A second breast cancer susceptibility gene, BRCA2, was localized to the long arm of chromosome 13 through linkage studies of 15 families with multiple cases of breast cancer that were not linked to BRCA1. Mutations in BRCA2 ( OMIM) are associated with multiple cases of breast cancer in families, and are also associated with male breast cancer, ovarian cancer, prostate cancer, melanoma, and pancreatic cancer. (Refer to the Penetrance of mutations section of this summary for more information.) BRCA2 is a large gene with 27 exons that encode a protein of 3,418 amino acids. While not homologous genes, both BRCA1 and BRCA2 have an unusually large exon 11 and translational start sites in exon 2. Like BRCA1, BRCA2 appears to behave like a tumor suppressor gene. In tumors associated with both BRCA1 and BRCA2 mutations, there is often loss of the wild-type (nonmutated) allele.

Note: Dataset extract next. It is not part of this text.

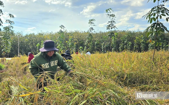 Ghi nhận của PV Người Đưa Tin vào những ngày giữa tháng 11, tranh thủ thời tiết thuận lợi, từ sáng sớm gia đình chị Năng Xuân Lu Hiệp (trú thôn Bình Giai, xã Đa Kia, tỉnh Đồng Nai) đang cùng bà con trong thôn ra rẫy gặt lúa. Một nét độc đáo trong canh tác lúa rẫy, là thay vì để đất trống, bà con Kh’mer đã khéo léo biến đất dưới những hàng cao su non thành nương rẫy, tiếp tục gieo trồng giống lúa truyền thống.

Mutations in BRCA1 and BRCA2 appear to be responsible for disease in 45% of families with multiple cases of breast cancer only and in up to 90% of families with both breast and ovarian cancer.
Most BRCA1 and BRCA2 mutations are predicted to produce a truncated protein product, and thus loss of protein function, although some missense mutations cause loss of function without truncation. Because inherited breast/ovarian cancer is an autosomal dominant condition, persons with a BRCA1 or BRCA2 mutation on one copy of chromosome 17 or 13 also carry a normal allele on the other paired chromosome. In most breast and ovarian cancers that have been studied from mutation carriers, deletion of the normal allele results in loss of all function, leading to the classification of BRCA1 and BRCA2 as tumor suppressor genes. In addition to, and as part of, their roles as tumor suppressor genes, BRCA1 and BRCA2 are involved in myriad functions within cells, including homologous DNA repair, genomic stability, transcriptional regulation, protein ubiquitination, chromatin remodeling, and cell cycle control.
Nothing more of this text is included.